Another sad time out. Fairwell Steven Campbell


My cousin Allen and I went to an exhibition of Steven's work at the Old Quad in Edinburgh many years ago. There was a small painting there of a bat-like creature, painted on a piece of brown corrugated cardboard that had been roughly torn into a rectangular shape (I've since seen a larger painting, so it could have been a small rough or study). It was a painting for an album and I'm sure it was a U2 album cover, but it seems too gothic for them so perhaps my memory is playing tricks. At any rate, it made an impression on me and it was very affordable so my cousin and I discussed buying it, by the time we enquired about it though, a red dot had appeared on the thing.

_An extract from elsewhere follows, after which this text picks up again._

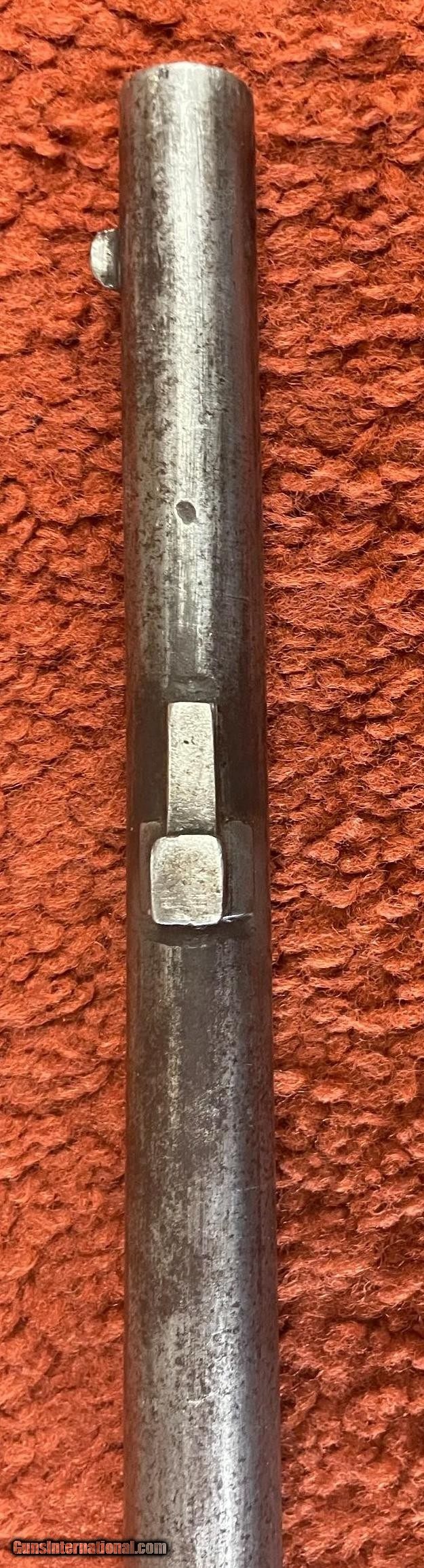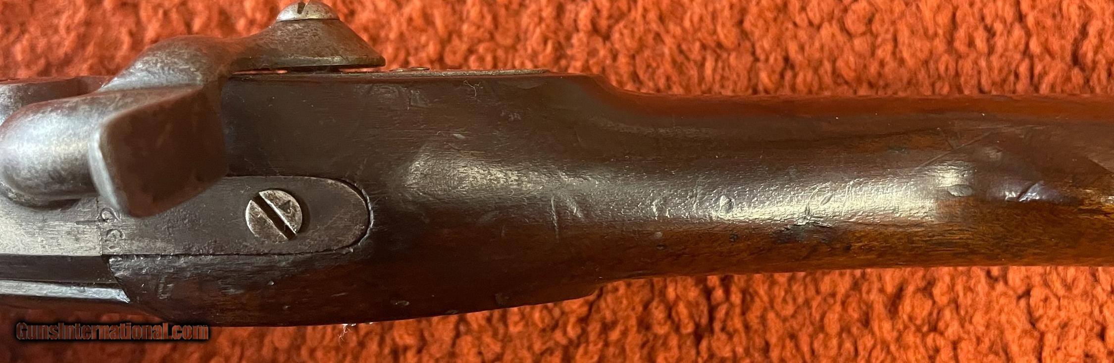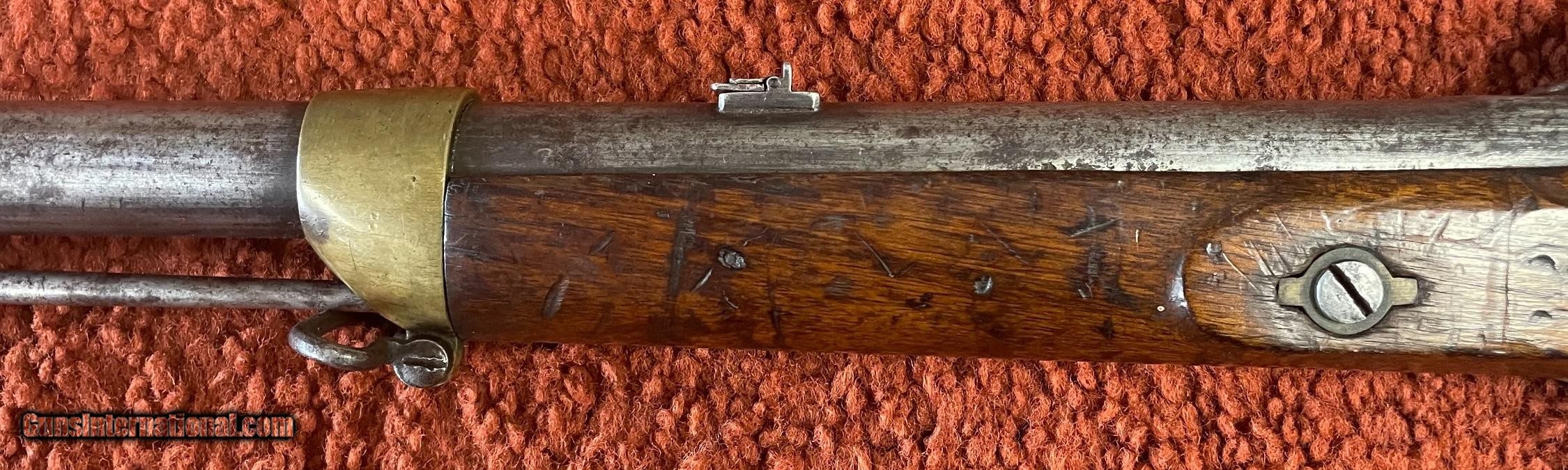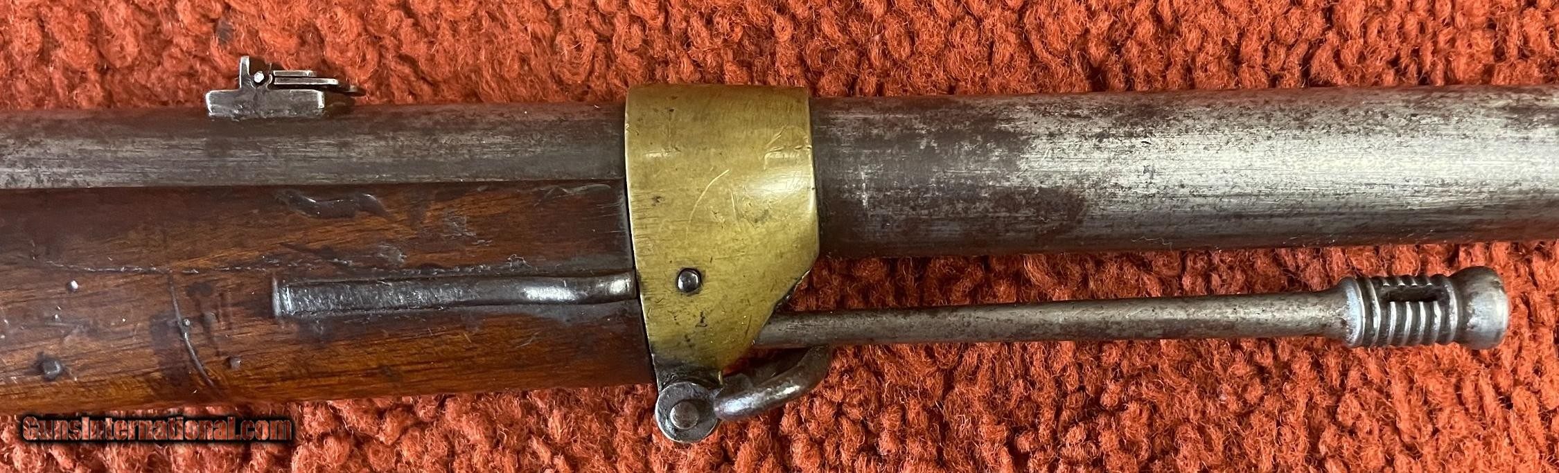 Description: The bore measures .58" with good rifling and scattered corrosion. The action is strong and crisp. The triggerguard has a lanyard ring at the front. See photos for condition. SOLD Antique: Yes Model: Percussion Carbine Barrel Length: 24 |

I must confess, I liked Steven Campbell's work the moment I saw it because it seemed like cartoon art to me. It seemed, in fact, like a whole comic crammed into one huge page, full of religiosity and sacred symbols and lust and intrigue; the embodiment of the sacred and the profane; all that art is supposed to be. It was a great exhibition and I came away an even bigger fan than I was when I entered the exhibition space.

Years later, I was standing in Stirling train station one day, looking across the platforms, when an orange-haired man, with a goatee beard, in a very dapper green-checked suit, Edwardian looking, caught my eye. He looked like some kind of Autumnal Sprite, all green and brown and orange, made all the more unreal by the grey backdrop. I knew it was Steven Campbell and that appealed to the snob in me. By the time I got over to where he had been he was gone.

Now he has gone for good. At the ridiculously young age of 53, Steven Campbell died of peritonitis, or at least of Septicemea as a result of that condition. He died, in hospital, of the very illness my eldest daughter recovered from last year, a ruptured appendix (there's a post on this very blog). It seems such a ridiculous thing, and such a stupid pointless waste. Somethings are bewildering.